Records to use START

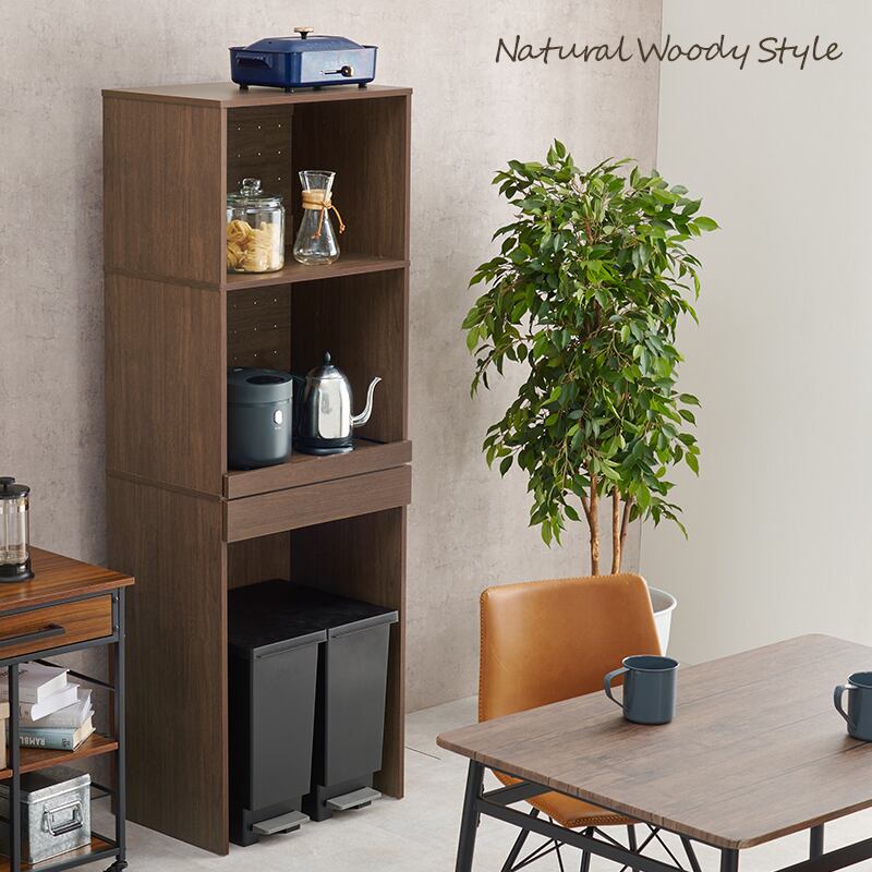 出し入れしやすいオープンタイプの多機能収納でキッチンスペースを有効活用可能。引出しやスライド棚付きでキッチン家電も使いやすい。
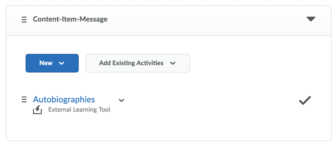 This is a separate integration route to the Brightspace extended LTI V2 integration found in the ‘Assignments’ tool for Turnitin. Your institution must configure the Quicklink (CIM) integration for use in the ‘Content’ tool.
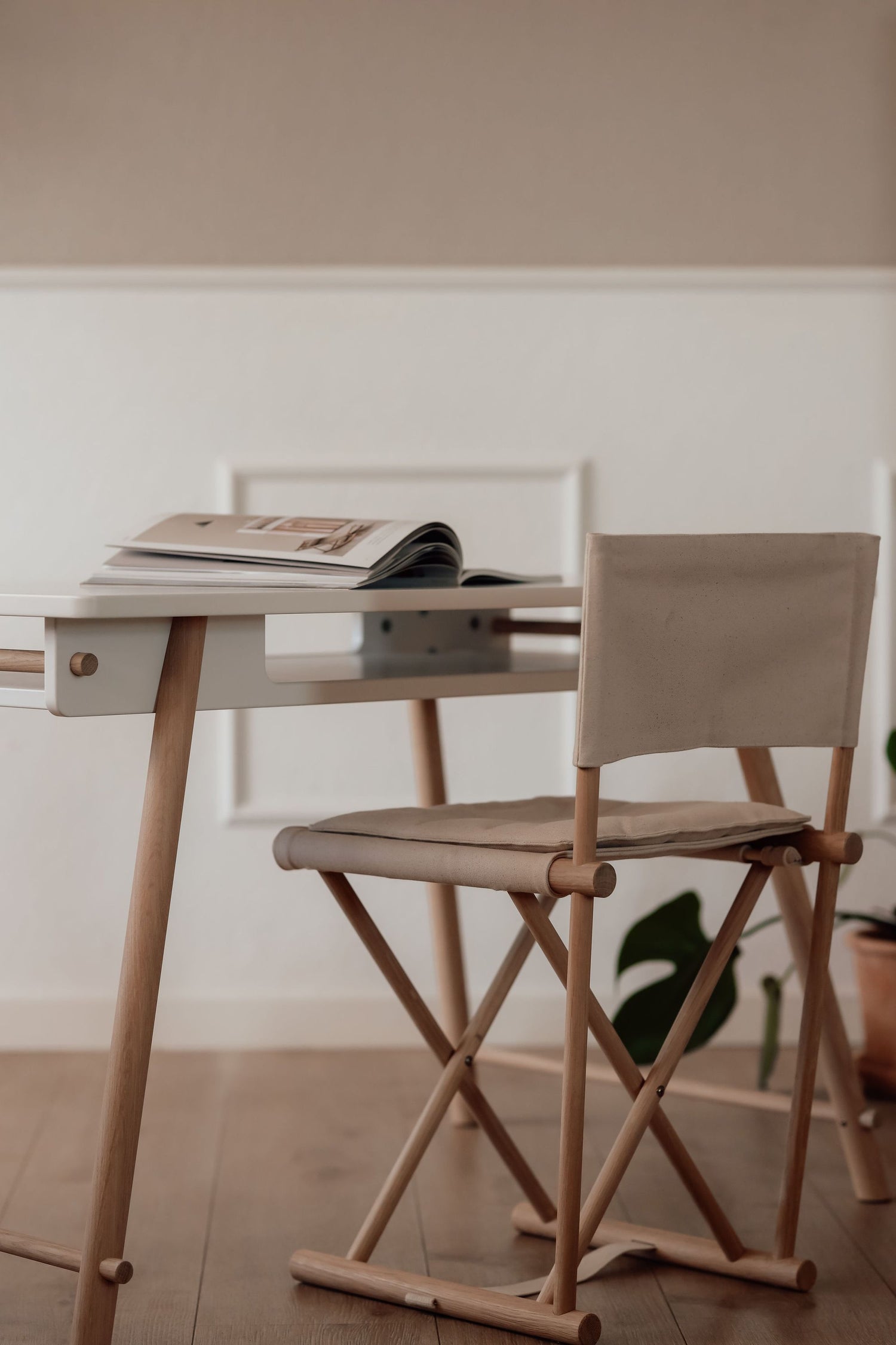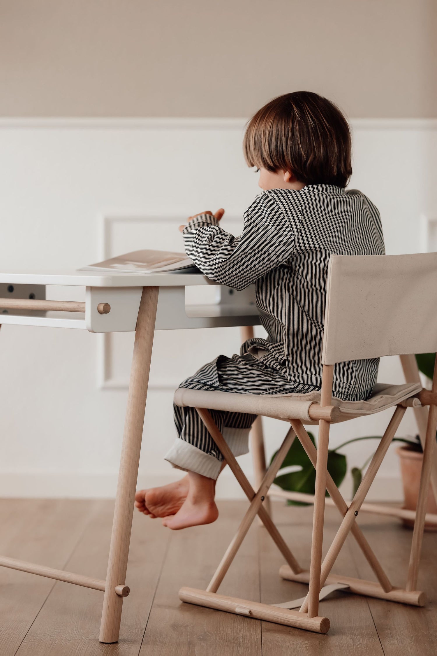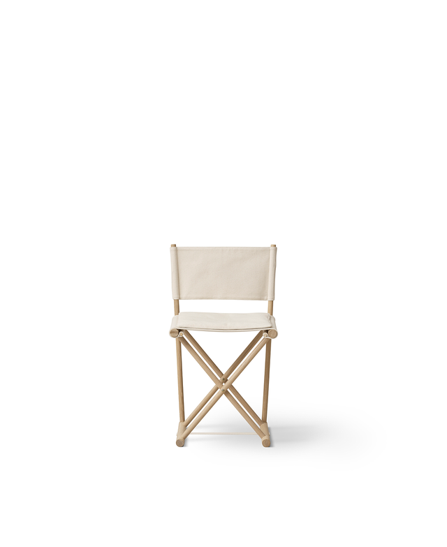 Der Camp Juniorstuhl von Oliver Furniture ist von klassischen Feld- oder Regiestühlen inspiriert und besteht aus einem stabilen Eichenrahmen sowie einem Sitz und einer Rückenlehne aus schwerem, ungefärbtem Canvas.
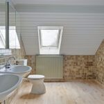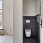 o Badkamer: Aangrenzende badkamer met toilet, dubbele wastafel en douche.
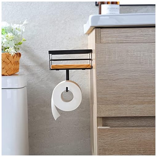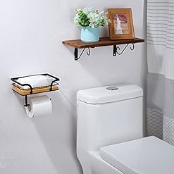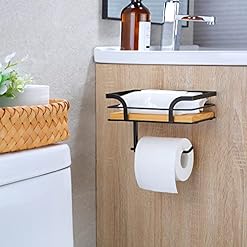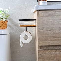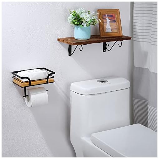 【Modern and minimalist】 Minimalist sense of lines, elegant and stylish with a collision of natural and black colors. With this toilet paper holder with shelf, can make your bathroom look orderly and is a great choice for home decoration.
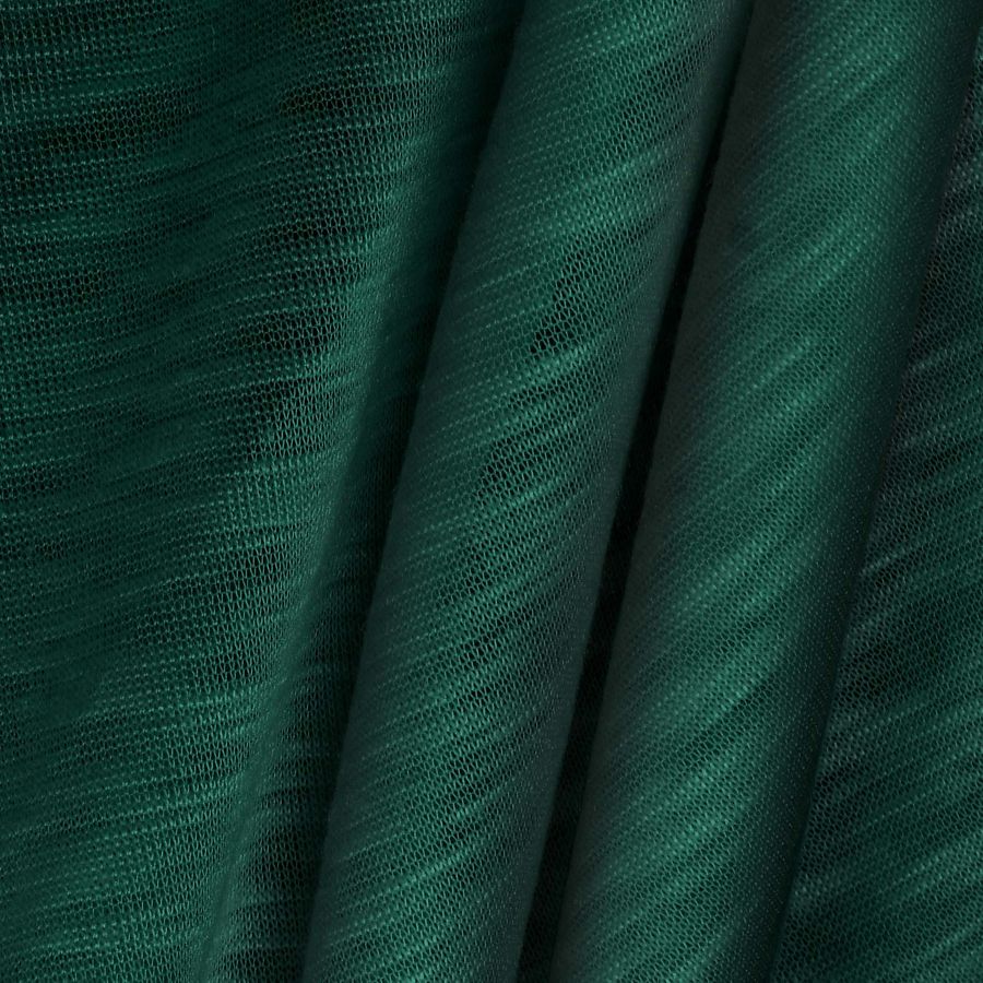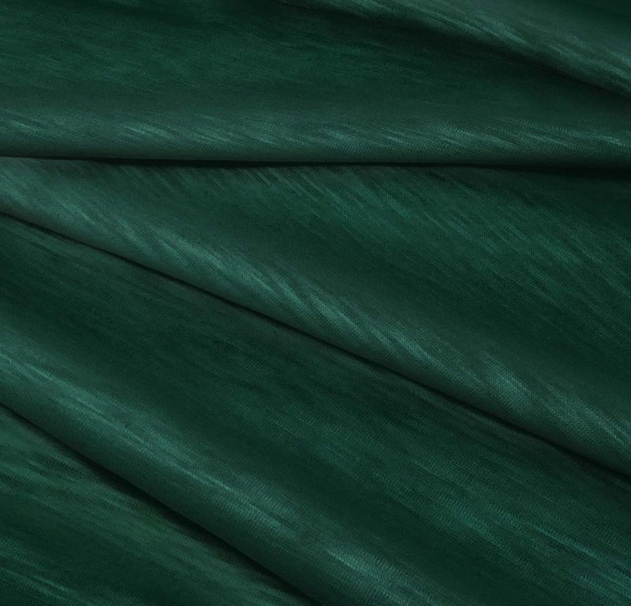 La tela base, denominada Punto Camiseta Jaspeado - Dubái, es un tejido de punto con una composición de 100% poliéster. Con un gramaje de 135 gr/m2 y un ancho de 160 cm, destaca por su delicada textura y tacto suave. El color liso impreso, en tonalidades de verde bosque oscuro, se obtiene a través de la combinación de las tintas Cyan (91), Magenta (50), Yellow (73) y Black (66) que forman el perfil CMYK 91 50 73 66. Este color secundario transmite una sensación de serenidad, equilibrio y crecimiento. Combina a la perfección con colores tierra y neutros, como el beige o el gris claro, así como con tonalidades de verde similares, como el oliva o el esmeralda.
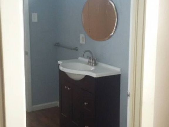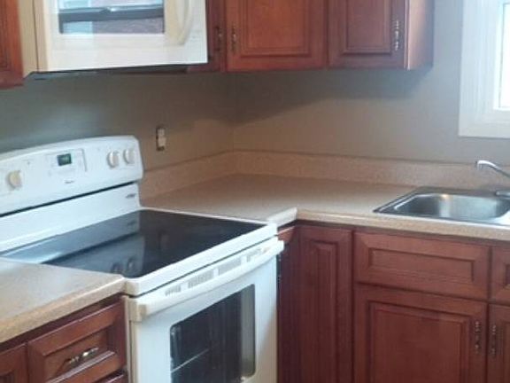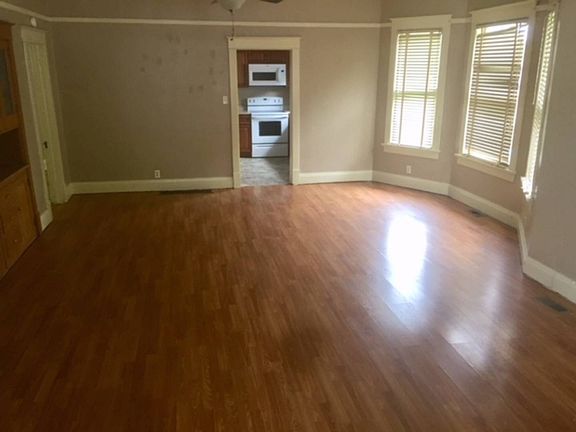 Entrance: Open front porch Living Room/Dining Room: This huge room has laminate floor freshly painted walls. Built in china cabinets. Walk in bay window area in dining room Bedroom: Large closet, freshly painted walls, spacious hard surface floor Bath: Located between the two rooms. Updated vanity and wall enclosure for tub. Fresh paint Bedroom: Large room with two closets. Hard surface floor. Kitchen: All new maple cabinets, new counter top and sink. White appliances. Smooth top range. Nice vinyl floor. New window. Breakfast room: Sunny breakfast room has new walls, and new vinyl floor to match kitchen. Presently used as a laundry room at one end of this breakfast room. But there is plenty of space in basement for laundry. Basement: Large basement has a finished bedroom with walls, ceiling and carpet. Other area for storage holds water heater, gas forced air furnace, central air.
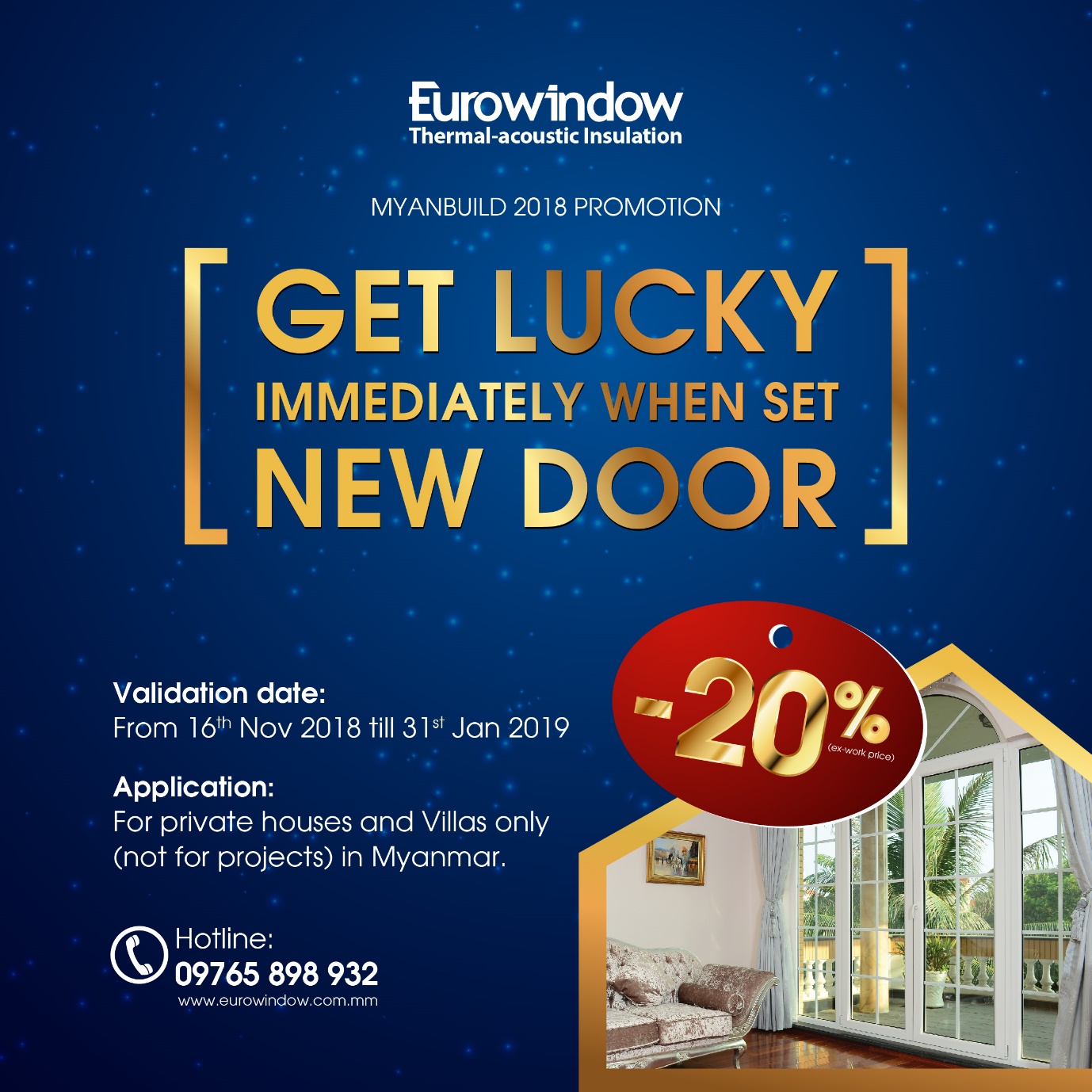 Nhân dịp này, từ ngày 16/11/2018 đến hết ngày 31/01/2019, Eurowindow sẽ triển khai chương trình ưu đãi, khuyến mãi giảm 20% giá trị thanh toán (trước VAT) đối với tất cả các khách hàng ký hợp đồng mua và lắp đặt sản phẩm cho công trình nhà riêng. Đây là cơ hội tốt để khách hàng Myanmar được sử dụng và trải nghiệm sản phẩm cao cấp Eurowindow mà vẫn tiết kiệm được chi phí
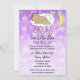 Menina bebê roxo estrelas e luas, étnico hispânico bebê dormindo em um convite de festa de bebê em nuvem.
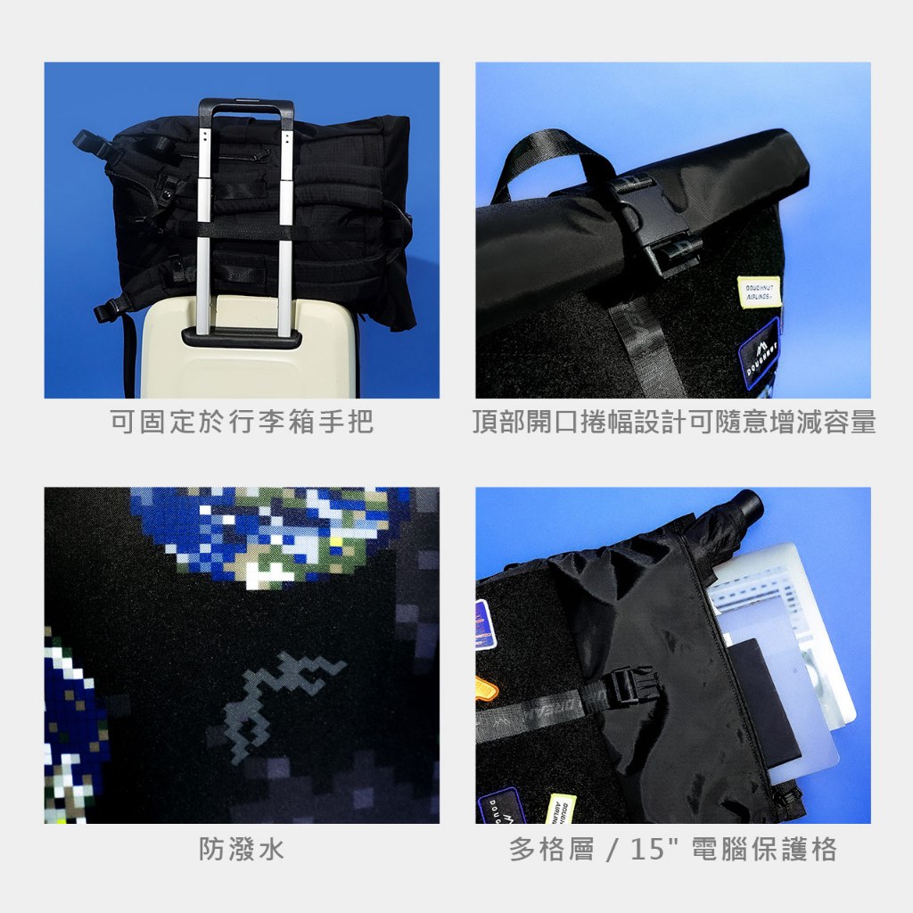DOUGHNUT官方賣場 15吋 Jetpack 電腦大後背包 防潑水 男包 DNA黑 (有魔鬼氈毛面)|地球儀 (有魔鬼氈毛面)DOUGHNUT | 台灣商城

Records to use END

From the first line of the entries above down to the line holding "for home decoration.", quote each line exactly and nothing else, skipping pictures.

 出し入れしやすいオープンタイプの多機能収納でキッチンスペースを有効活用可能。引出しやスライド棚付きでキッチン家電も使いやすい。
 This is a separate integration route to the Brightspace extended LTI V2 integration found in the ‘Assignments’ tool for Turnitin. Your institution must configure the Quicklink (CIM) integration for use in the ‘Content’ tool.
 Der Camp Juniorstuhl von Oliver Furniture ist von klassischen Feld- oder Regiestühlen inspiriert und besteht aus einem stabilen Eichenrahmen sowie einem Sitz und einer Rückenlehne aus schwerem, ungefärbtem Canvas.
 o Badkamer: Aangrenzende badkamer met toilet, dubbele wastafel en douche.
 【Modern and minimalist】 Minimalist sense of lines, elegant and stylish with a collision of natural and black colors. With this toilet paper holder with shelf, can make your bathroom look orderly and is a great choice for home decoration.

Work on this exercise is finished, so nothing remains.